L’administration coloniale attribua cette victoire au fait que la grande majorité des électeurs, spécialement les femmes qui venaient d’être appelées pour la toute première fois à cet acte civique, avaient voté pour l’UPRONA. D’autres mettent en avant le charisme du Prince Louis Rwagasore, la stricte organisation des membres du parti UPRONA qui obéissait à des consignes très claires, à une base recrutée essentiellement au sein de la « masse Hutu », contrairement au PDC et au PDR considérés comme des partis » féodaux « .

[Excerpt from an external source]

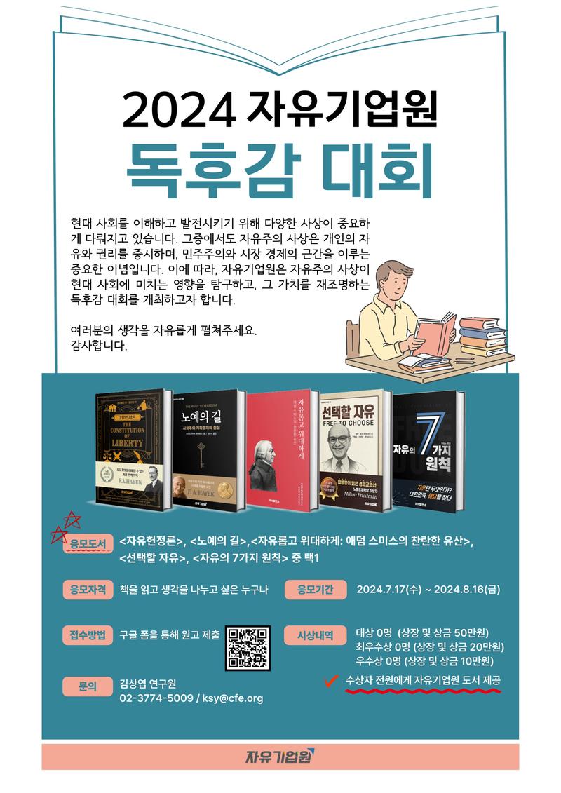 ■ 응모도서: <자유헌정론>, <노예의 길>, <자유롭고 위대하게: 애덤 스미스의 찬란한 유산>, <선택할 자유 >, <자유의 7가지 원칙> 중 택1

Le discours de Rwagasore prononcé à la radio nationale le 20 septembre 1961 était très conciliant. Le Prince Louis Rwagasore demanda à ses rivaux politiciens d’enterrer la hache de guerre, de tourner la page et de penser plutôt à l’avenir. Le premier gouvernement de Rwagasore était composé de 9 personnes en plus de lui-même : 5Hutu dont un vice premier ministre et ministre des Finances, 3 Tutsi et 1 Ganwa, son beau -frère était ministre de l’intérieur et de l’information. Quelques semaines après la victoire de l’UPRONA, Rwagasore a été tué le 13 octobre 1961 au restaurant Tanganyika par un jeune grec Kageorgis. Il venait de totaliser 14 jours comme premier ministre du Royaume du Burundi.

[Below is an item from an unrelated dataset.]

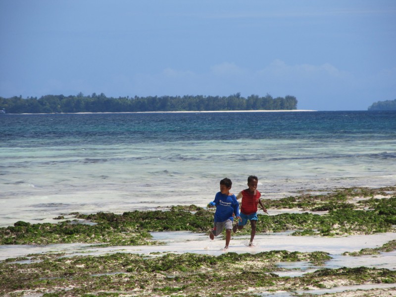 Boys running on the beach

Selon Pierre Claver Ndayicariye, les élections qui ont suivi au Burundi sont celles de mai 1965, des élections législatives anticipées ont été organisées à travers tout le pays, sous l’instigation du groupe Casablanca. Suite à l’assassinat du premier ministre Pierre Ngendandumwe intervenu le 15 janvier 1965 dans la soirée, suivi de l’incarcération des leaders du groupe Casablanca, le groupe Monrovia semblait s’imposer pour orienter l’action du parlement et du gouvernement. Les leaders Batutsi ont conseillé au roi Mwambutsa de dissoudre d’abord le parlement qui leur fait obstacle. Ainsi à la veille de ces élections, des balises furent établies sur le plan institutionnel, pour que les Batutsi du groupe Casablanca puissent s’assurer une majorité substantielle dans les urnes.

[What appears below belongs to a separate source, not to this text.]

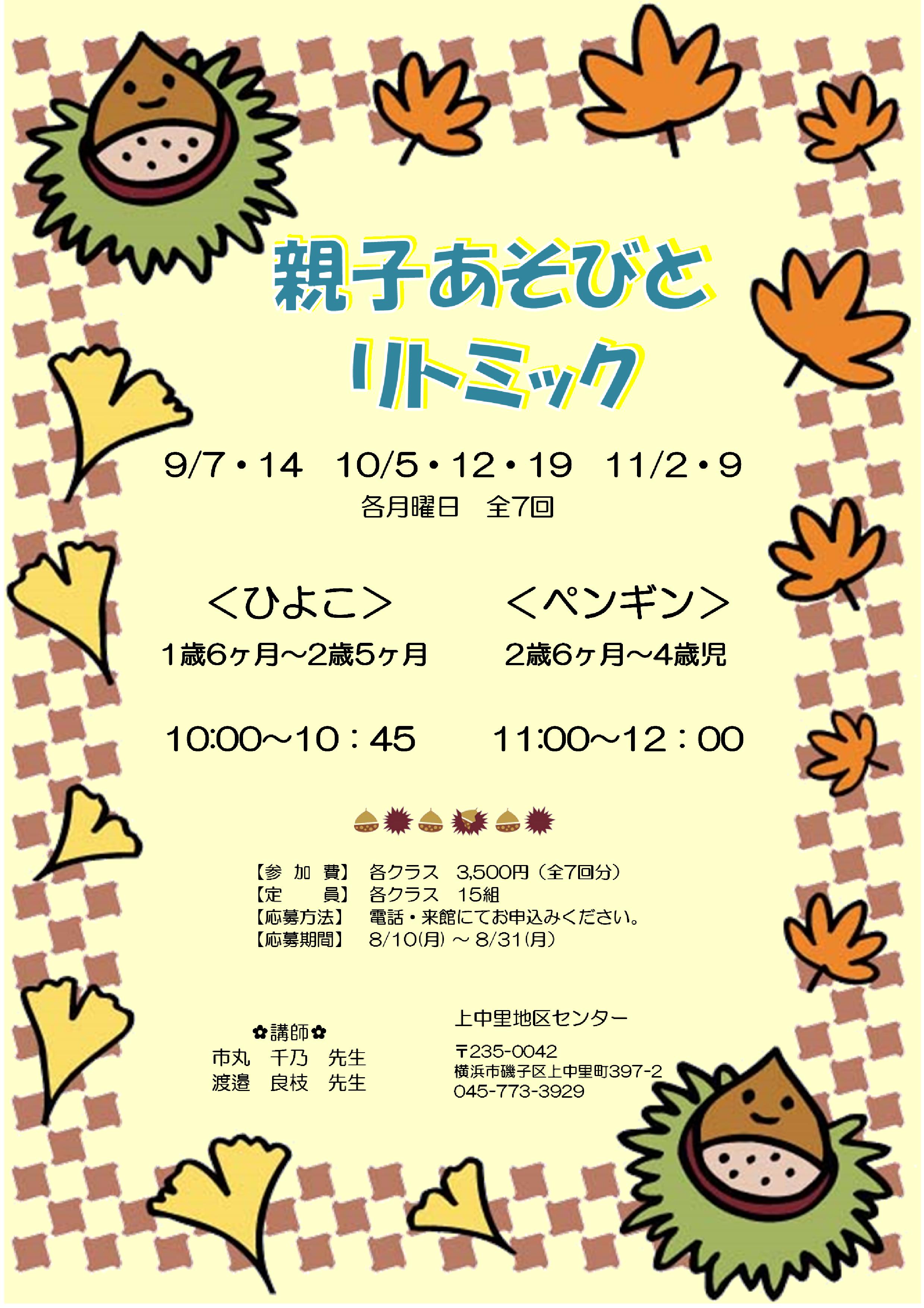 - 親子ともに動きやすい服装でお越しください。

Les élections législatives du 10 mai 1965 ont été gagnées par le parti UPRONA, avec 21 députés sur 33 sièges et 12 sénateurs sur les 16 sièges. Le parti du peuple PP, malgré l’hécatombe subie en janvier 1962 avait pu reconstituer ses états – major et a pu obtenir 10 sièges. En termes techniques, les Bahutu ont obtenu 23 sièges, dont 13 au sein de l’UPRONA et les 10 du PP. Au niveau du sénat, les Bahutu étaient au nombre de 10 sur 16. À partir des archives consultées par la CVR, il est clair que tous les élus Bahutu de mai 1965 furent assassinés, soit en 1965 même, soit en 1972, à l’exception de Biyorero Ezéchias élu à Rumonge qui prit le large en Tanzanie.
À cette même occasion, le président de la CVR a fait savoir que même si la CVR n’a pas encore fait des enquêtes approfondies sur la manière dont les vainqueurs des élections démocratiques de juin 1993 ont été tués, il est permis de penser que leur élimination répond à la même logique. Le président Melchior Ndadaye et ses proches collaborateurs ont été assassinés au cours du coup d’État débuté le 21 octobre 1993. Mais il va sans dire que les acteurs de cette crise, l’ambiance de la campagne électorale de mai 1993, les résultats des élections proclamés le 3 juin 1993 et les réactions qu’ils ont suscitées, ont provoqué la catastrophe qui a conduit à la guerre civile qui a pris fin officiellement le 4 décembre 2008. Le président de la CVR a terminé en réconfortant les citoyens burundais en leur disant de ne pas avoir peur de la vérité, mais d’avoir peur du mensonge et de l’hypocrisie expliquant que le mensonge d’État a tué des milliers d’innocents au Burundi.